We are running a survey to help us improve the experience for all of our members. If you see the survey appear, please take the time to tell us about your experience if you can.
I tried building and running the example codes provided with ARM Performance Libraries (ARMPL), such as FFT/IFFT computations and matrix multiplication. These examples come in two variants: MP (multi-threaded) and sequential. The code is essentially the same in both cases, but the linked .so libraries differ.
.so
My goal was to compare the performance of the MP and sequential versions by measuring the time taken to perform the computations, hoping to better understand how parallelization works in the MP version.

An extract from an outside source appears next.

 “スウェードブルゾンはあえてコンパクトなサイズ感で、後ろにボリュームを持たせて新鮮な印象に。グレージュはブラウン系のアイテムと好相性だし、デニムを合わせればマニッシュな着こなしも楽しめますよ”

Since the example code executes the computation only once (i.e., without iteration), measuring the execution time directly yields a very short duration (unit time), which makes it difficult to compare meaningfully. I initially expected the MP version to be faster, assuming it could parallelize tasks like multiplying matrix rows and columns simultaneously, whereas the sequential version would do this step-by-step. However, this was just a naive assumption—I don’t know the exact implementation details inside ARMPL.

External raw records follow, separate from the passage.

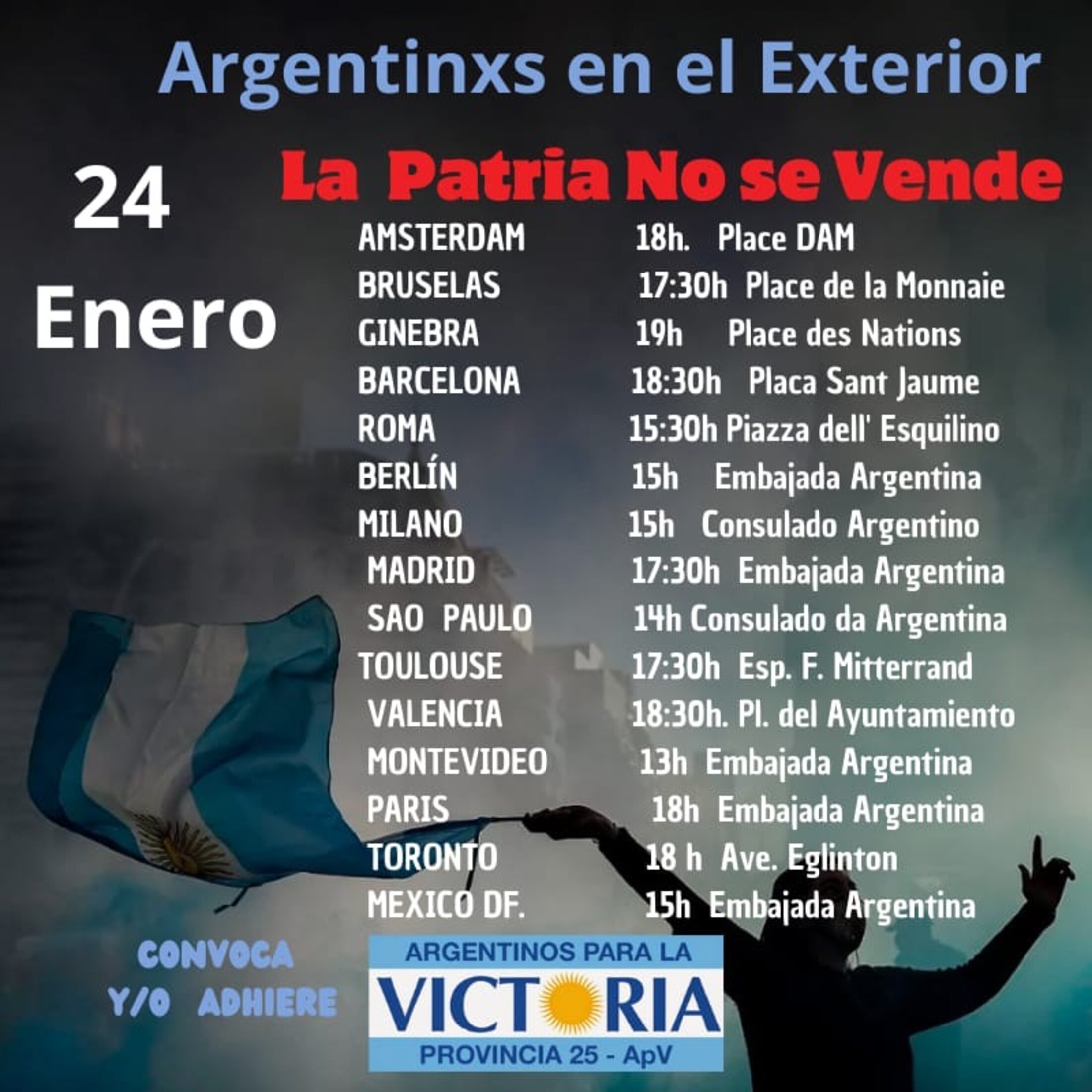Avec le mot d’ordre « La Argentina no se vende » (l’Argentine n’est pas à vendre) les argentins résidant à l’extérieur de leur pays, ont organisé de rassemblements ce 24 janvier pour protester contre la politique ultra-libérale du gouvernement d’extrême droite de Javier Milei. Berlin, Madrid, Barcelone, Valence, Rome, Bruxelles, Amsterdam, Paris et Toulouse font partie d’une longue liste de villes où auront lieu ces rassemblements. Il s'agit de la première grève générale avec mobilisation de l'histoire argentine à peine le gouvernement installé.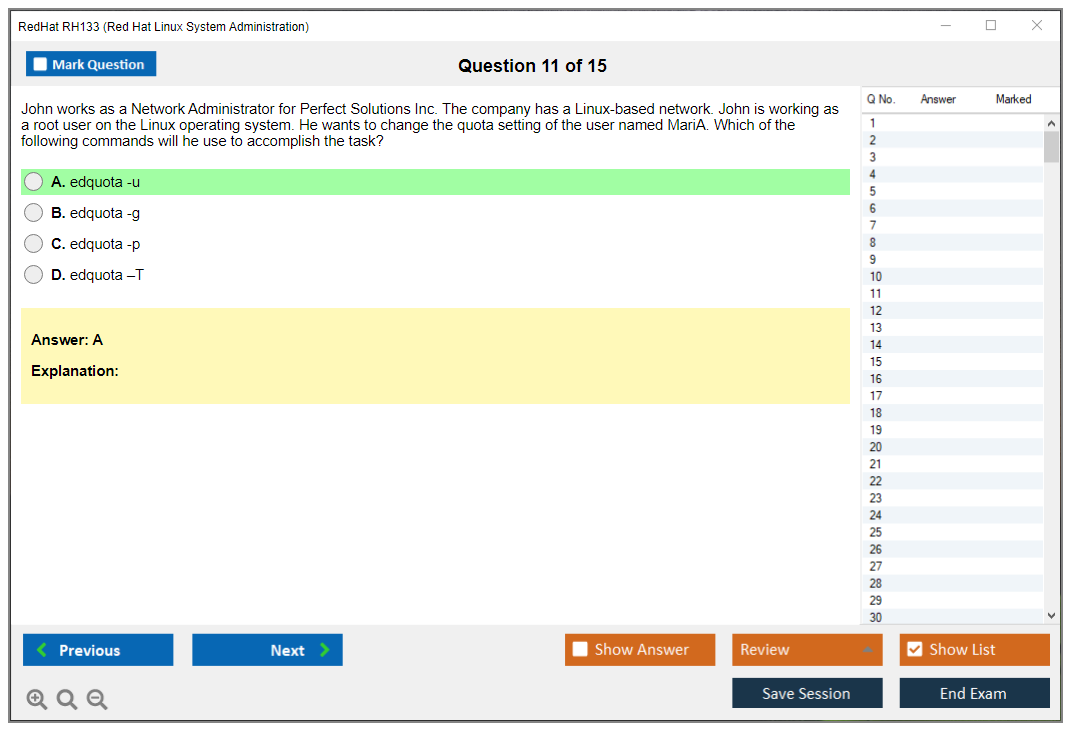 The RedHat RH133 (Red Hat Linux System Administration) Exam is designed for system administrators who want to demonstrate their skills in managing and administering Red Hat Enterprise Linux environments. The exam tests the candidate's ability to perform essential tasks in Red Hat Enterprise Linux, including installation, configuration, and troubleshooting.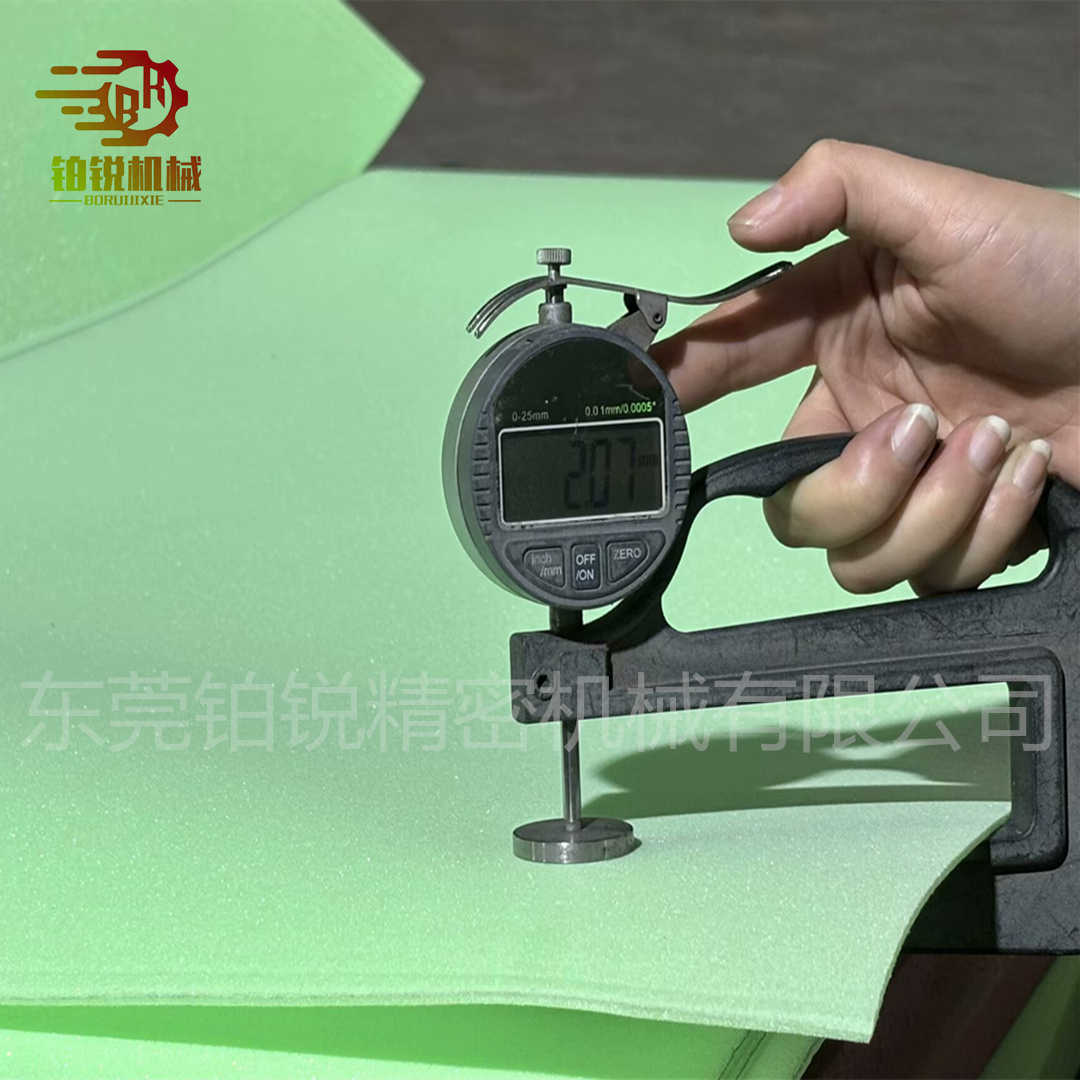 High-precision slicing machines are indispensable for cutting thin slices. This cutting machine is known as a multi-functional high-precision cutting machine. Today, we recommend the sponge high-precision flat cutting machine equipment. Let's see if the high-precision flat cutting machine can handle the challenge of cutting thin slices of XPE extruded board. The 2mm cutting process of the extruded board is very smooth. The finished product is flat without knife marks. The actual measured cutting effect is 2.07mm. The cutting is precise with small errors. The high-precision flat cutting machine has perfectly broken through. Bosses with high requirements and strict standards prefer Dongguan Boli Precision Machinery!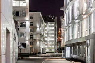 В каждом строении своя охрана + охрана по периметру комплекса.

Surprisingly, in these single-run (unit time) measurements, the MP version sometimes appears slower than the sequential one. But when I modified the example code to run the same operation repeatedly in a loop (e.g., thousands of times), the MP version showed a significant performance advantage—around 3x faster than the sequential version. Since my system supports up to 4 threads, this result seems reasonable.
My questions are:
Why does the MP version not outperform the sequential one in unit-time runs?
How exactly does parallelization work in ARMPL?
Are there startup or thread management overheads that explain the initial slowness of MP?
Any insights into the internal behavior or optimization strategies used by ARMPL would be greatly appreciated.